I'm Allergic to Myself?!

To read a detailed description on my previous anaphylaxis episodes please read:

I'm Allergic to Exercise and Forever Allergic to Exercise

Pregnant hiking!
A small recap: I have had three life-threatening anaphylaxis episodes all during exercising (running, hiking and doing krav maga) since 2004 with no clear explanation.
  • January 2009: Our Peru trip, where we hiked 30 miles on the original Inca Trail with no exercise induced anaphylaxis.
  • April 2009: we were blessed to get pregnant to our little boy and he was born in December 2009. All year long I never had any allergic reactions.
  • March 2010: Three months after I gave birth I finally had the energy to go for a morning run since giving birth, only to stop less than a mile because I broke out in hives, burning sensation all over my body and throat tightening.  I visit my regular doctor a few days later and I was referred to my new allergist specialist at Palo Alto Medical Foundation, Dr. Lee.
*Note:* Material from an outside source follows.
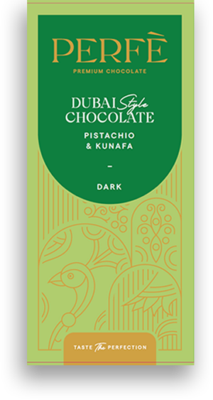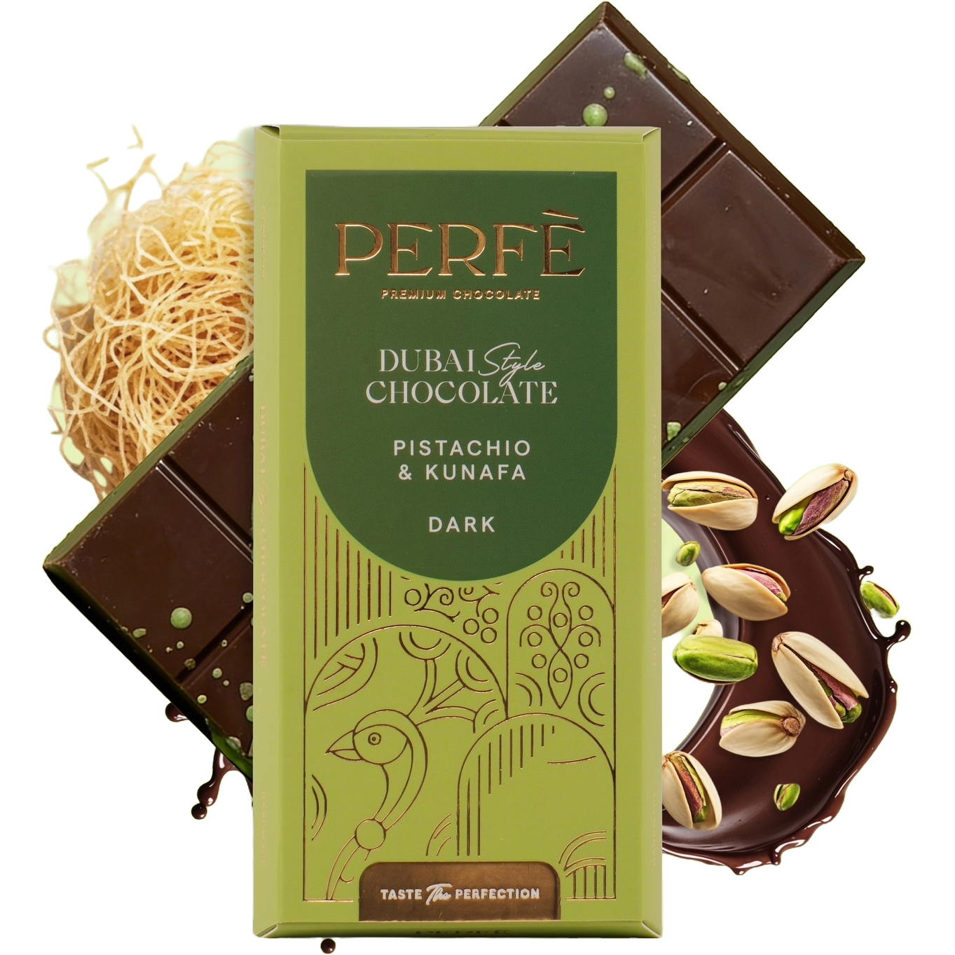 Dark chocolate + pistachio cream 35% + kunafa and tahina.

We spoke for a very long time about everything that was related to my first incident in October 2004, six years prior.  Foods, medication, exercise, routines, hormonal changes, pregnancy, etc.  Dr. Lee gave me two explanations that only sort of satisfied the need to know what was wrong with me.

NOTE: This was my personal doctor's information in regards to my condition and I am not a medical physician.  Please seek health information and advice from your personal physician.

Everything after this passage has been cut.